Former Third Eye Blind guitarist Jason Slater founded Snake River Conspiracy with musical dominatrix Tobey Torres because he was dissatisfied with his other band's syrupy songs and teenybopper fanbase. But just as Third Eye Blind played guitar-heavy candy-pop that was occasionally redeemed by an insanely catchy hook, SRC perform guitar-heavy bubble-techno that equally balances their sour goth tendencies with a healthy taste of sweet song craft.

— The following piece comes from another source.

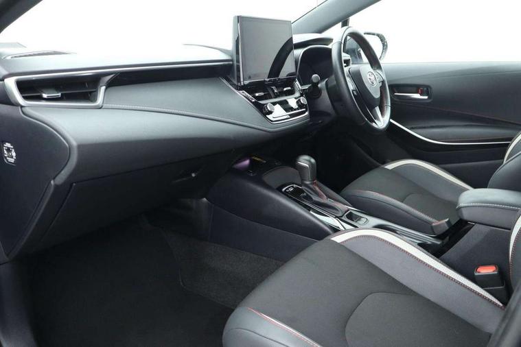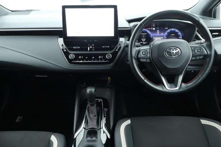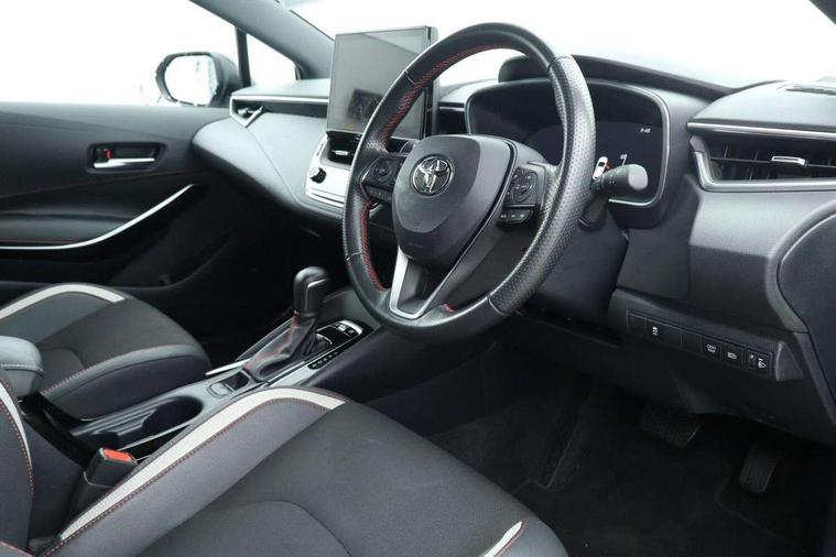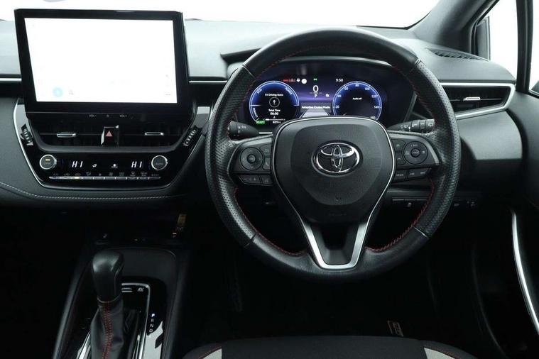 10.5" Multimedia display screen, Bluetooth telephone connectivity, Connected car functionality upgrade, tracker, remote status and e-care, Drive mode select (Eco, Normal), E-call, Electrically assisted power steering, EV drive indicator, Front and rear parking sensors with auto brake, Full Digital 12.3" TFT Digital Combimeter, Key reminder warning, Lane Departure Alert (LDA) switch on steering wheel, Memory on adjustable speed limiter, MyT connected services, Proactive driving assist (PDA), Reversing camera, Smart entry and push button start with GR Logo, Smartphone integration with Apple CarPlay and wired android auto, Tailgate, Toyota remote services, Toyota smart connect navigation, Wireless charger, Gasoline particulate filter, Vehicle Stability Control (VSC), 6 speakers, AM/FM radio, DAB Digital radio, Front USB-C in centre console, Front USB-C in dashboard, Smart voice assist/ Voice recognition, USB and Aux in connectors + 12V front outlet, Anti-jam protection on power windows, Auto up and down function on all power windows, Automatic folding mirrors, Automatic headlights with high beam assist, Black centre and side air vents, Black toyota logo in front, Body coloured bumpers, Body coloured door mirrors, Body coloured outside door handles, Dark chrome lower grille, Electrochromatic mirror, Follow me home headlights, GR Sport dark chrome front mesh grille and black rear grille, GR Sport exclusive under guard, GR sport scuff plates, LED daytime running lights, LED dual beam projector headlights, LED front fog lights, LED High mounted stop light, LED rear combi lights with LED lightguide, Manual headlight levelling system, New grille pattern, Noise reduction layer on windscreen, Piano black diffuser, Power adjustable heated door mirrors, Power front windows, Power rear windows, Privacy glass with UV filter, Rain sensing wipers, Rear side wing doors, Rear window defogger, Rear window wiper, Reverse tilting door mirrors, Rocker and door lower moulding, Roof spoiler, Satin chrome insert on front air vents, Satin chrome insert on front door assist grips, Satin silver front spoiler, Shark fin antenna, Tailgate release with push button, Time adjustment on intermittent wiper, Turning signal integrated indicators in door mirrors, Unique lower skirt, Unique side rocker with black insert, UV-filter on driver and passenger windows, 2 Shopping bag hooks in luggage compartment, 3 rear headrests, 3 seat bench in 2nd row, 3 spoke leather steering wheel with satin insert/red stitching + gear knob, 4 tie down hooks in luggage compartment, 60/40 split folding rear seat, Adaptive cruise control (ACC) switch on steering wheel, Adjustable speed limiter switch on steering wheel, Audio, multimedia and telephone switches on steering wheel, Black armrest on centre console box, Black gear shift console, Boot light, Centre room light, Driver and front passenger personal light, Driver and passenger assist grip, Driver and passenger seatback pockets, Driver and passenger sun visor with mirror and light, Dual zone automatic air conditioning with ECO mode switch, Fabric/synthetic leather upholstery, Front and rear cup and bottle holders, Front door pockets, Front head restraints, Front passenger seat, Front sliding synthetic leather armrest, GR Sports seats with partial leather bolsters, Heated seats, Illuminated entry system in room lamp, ISOFIX seat fixing (2 fixings on rear outer seats), Manual height adjustable for driver and front passenger seat, Manually tilt with sliding driver and front passenger seat, Nanoe-X air purifier, Parcel shelf, Pollen filter, Power window switches with satin chrome inserts, Rear armrest with 2 cupholders, Rear passenger coat hooks (2), Red stitching on gear shift, Remote air conditioning, Satin chrome inside door handles, Satin chrome surround on speedometer, Sliding armrest on centre console box, Slow opening glovebox with lights, Textile floor mats, Tilt/telescopic steering column, Voice recognition switch on steering wheel, Whiplash Injury Lessening (WIL) feature (active headrest) for seats, White ambient lighting on open tray and front cup holder, Toyota safety sense 3 pack - Corolla, 3x3 point rear seatbelts, Adjustable driver and front passenger seat belt extender to top anchor point, Anti lock braking system + Electronic brake force distribution, Brake assist function, Child locks on rear doors, Downhill Assist Control (DAC), Electronic parking brake, Emergency brake light signal (EBS), Front passenger airbag on/off switch, Front seatbelt reminder, HAC - Hill start assist control, Rear seat belt reminder, Seatbelt pretensioners and force limiters, Supplemental restraint system (SRS) 7 airbags - dual driver, dual side curtain, side impact and driver knee airbags, Traction control, Tyre pressure warning system, Acoustic vehicle alert system (AVAS), Alarm with motion sensor and immobilizer, Power passenger window lock, Remote central locking + deadlocks, GR Sport interior styling with accents and exterior styling, Satin chrome dash trim, Soft touch texture on upper dashboard, Stitching on lower dashboard, 18" Black machined face 10 spoke alloy wheels, Tyre repair kit, Unique wheel finish with red wheel cap,

For instance, on one of the album's two notable covers (the other is the Smiths' "How Soon Is Now?"), the group filters the Cure's "Lovesong" (RealAudio excerpt) through what sounds like a MIDI sequencing program composed by Trent Reznor after a steady diet of Prozac. They settle into a dark, dense synth groove that might sound menacing were it not for the sunny melody and equally shining arrangement by Slater. "Ahhh, ahhh, ah, ahhhhh," seductively sighs Torres between the Robert Smithpenned verses and lovely orchestrated strings. Her visual style matches the music, with her tight black leather outfit and dyed black hair sporting short, cropped bangs that are simultaneously sexy and scary. At different points in the album, she sounds like Betty Boop, Bettie Page, and Patti Page.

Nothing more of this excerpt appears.